* To whom correspondence should be addressed.
Received December 26, 2002; Revision received April 24, 2003
Oligonucleosomal fragmentation of nuclear DNA is the late-stage apoptosis hallmark. In apoptotic mammalian cells the fragmentation is catalyzed by DFF40/CAD DNase primarily activated by caspase 3 through the site-specific proteolytic cleavage of DFF45/ICAD. A deletion in the casp3 gene of human breast adenocarcinoma MCF-7 results in lack of procaspase 3 in these cells. The absence of caspase 3 in MCF-7 leads to disability to activate oligonucleosomal DNA fragmentation in TNF-alpha induced cell death.

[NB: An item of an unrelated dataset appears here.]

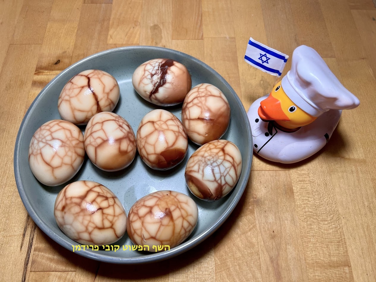 ביצים קשות מתובלות ומשוישות בבישול ארוך לליל הסדר: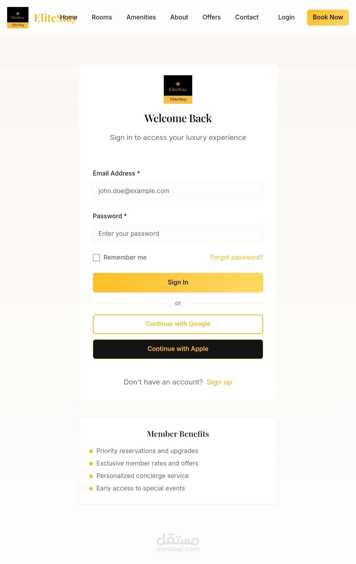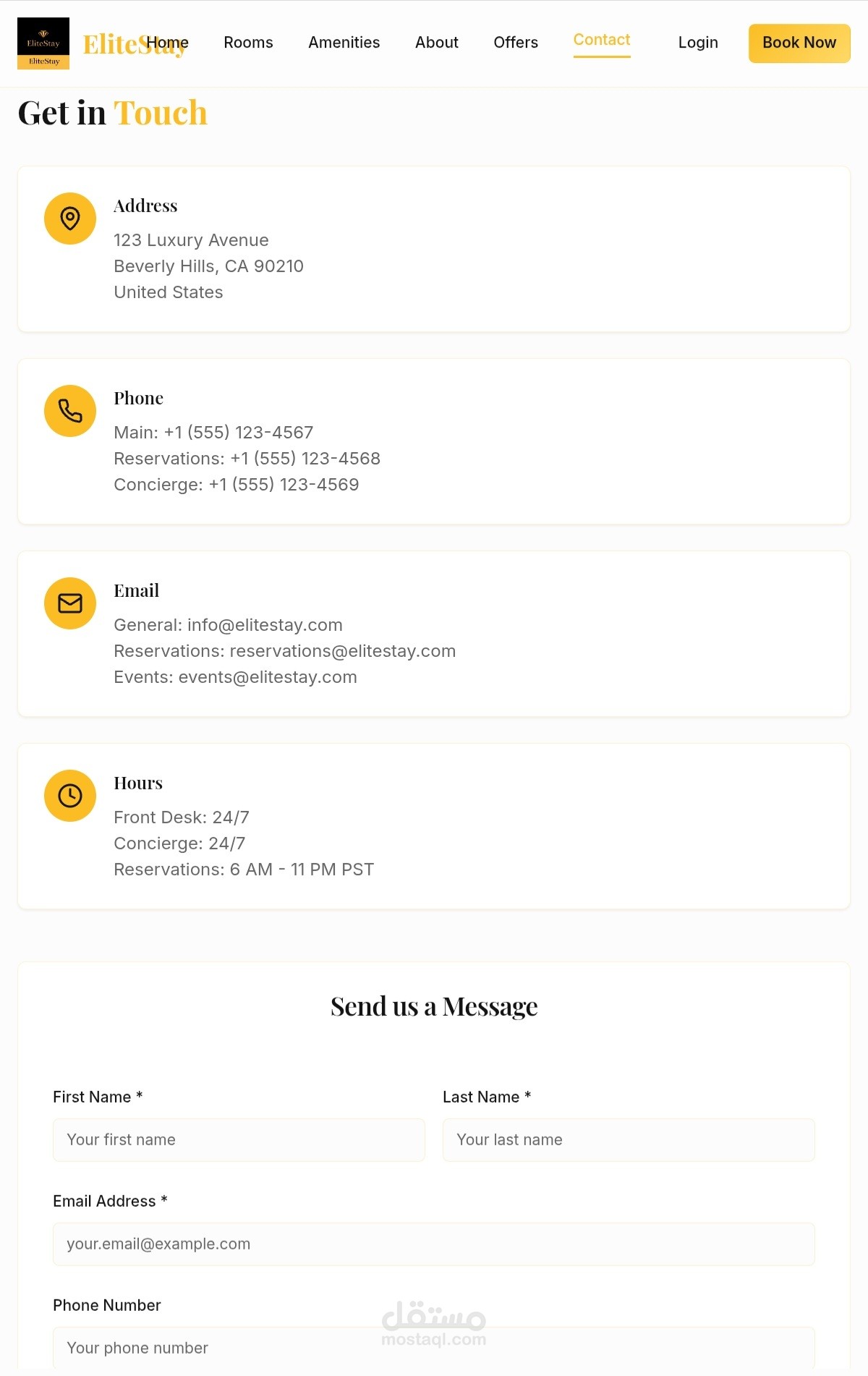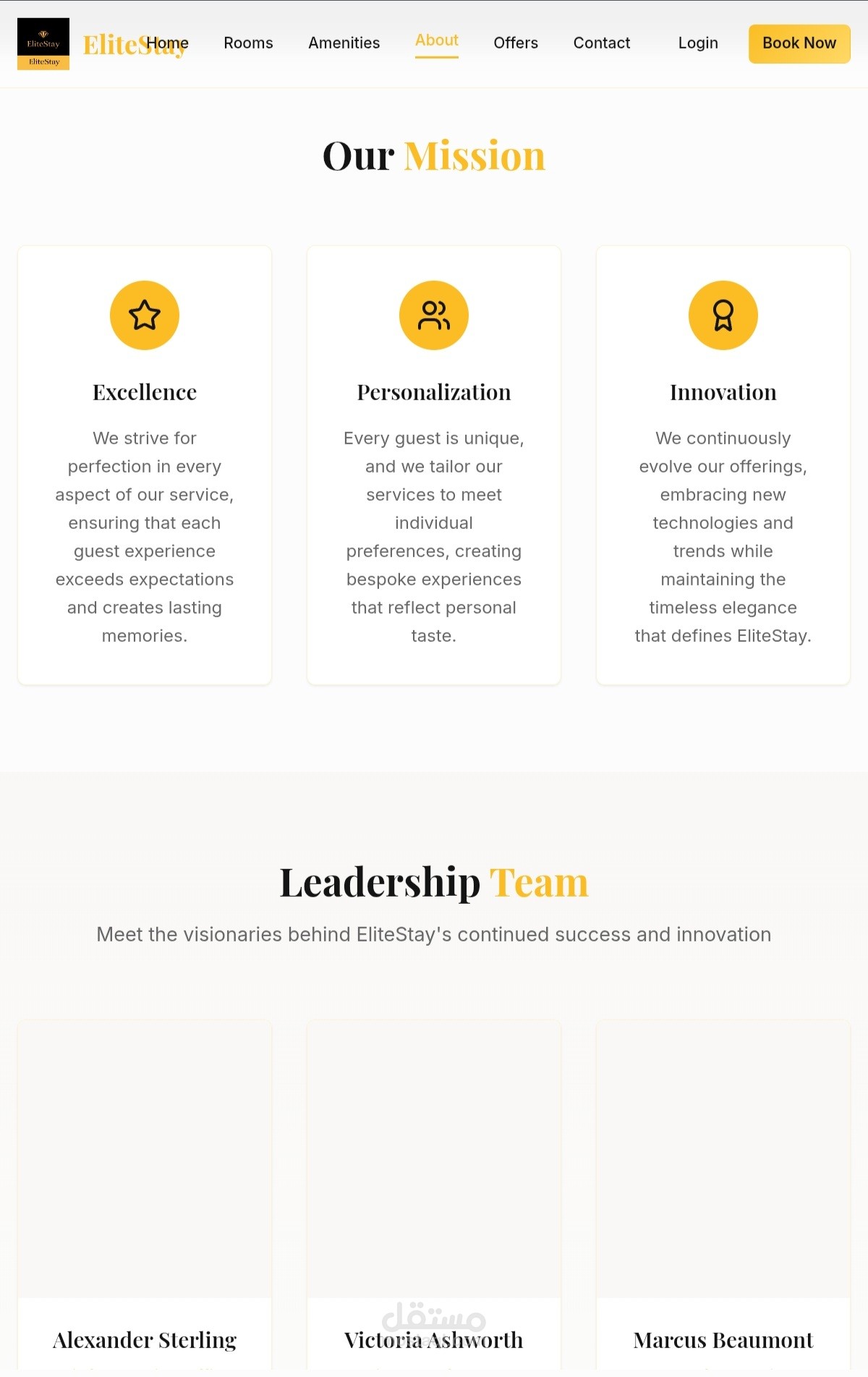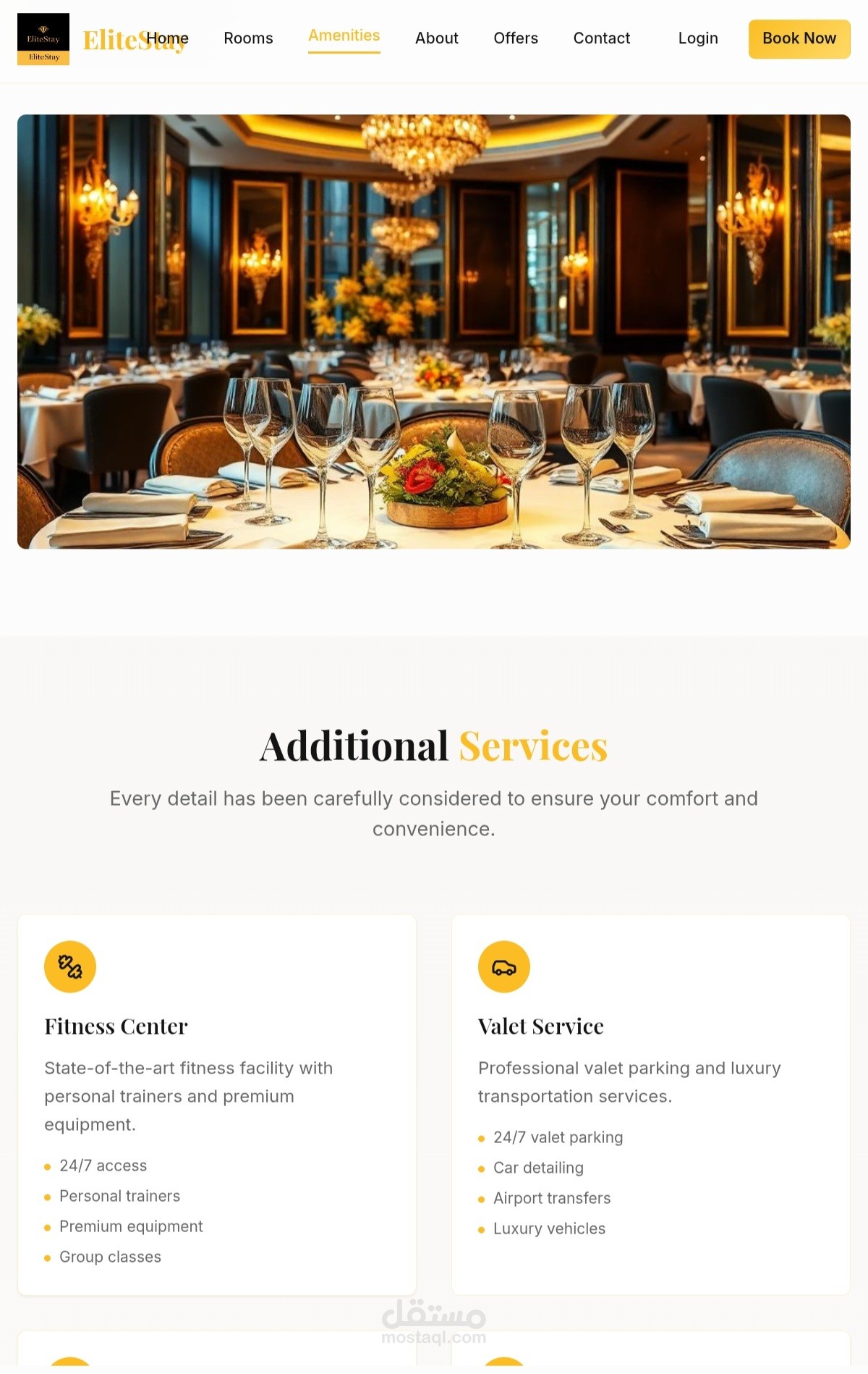 Elite Stay هو موقع حجز فنادق أنيق وعصري، مصمم لتسهيل عملية التخطيط للسفر بكل سلاسة. يتميز بواجهة سهلة الاستخدام، وتصميم متجاوب، وتجربة حجز سلسة، تتيح للمستخدمين استكشاف الغرف الفاخرة، ومشاهدة العروض الحصرية، وحجز إقامتهم بثقة. مثالي لعرض منصة فندقية احترافية وعالية الجودة.

In this study, sodium palmitate was used as an apoptotic stimulus for MCF-7. It has been shown that palmitate but not TNF-alpha induces both apoptotic changes in nuclei and oligonucleosomal DNA fragmentation in casp3-mutated MCF-7. Activation and accumulation of 40-50 kD DFF40-like DNases in nuclei of palmitate-treated apoptotic MCF-7 were detected by SDS-DNA-PAGE assay. Microsomal fraction of apoptotic MCF-7 does not contain any detectable DNases, but activates 40-50 kD nucleases when incubated with human placental chromatin. Furthermore, microsomes of apoptotic MCF-7 induce oligonucleosomal fragmentation of chromatin in a cell-free system. Both the activation of DNases and chromatin fragmentation are suppressed in the presence of the caspase 3/7 inhibitor Ac-DEVD-CHO. Microsome-associated caspase 7 is suggested to play an essential role in the induction of oligonucleosomal DNA fragmentation in casp3-deficient MCF-7 cells.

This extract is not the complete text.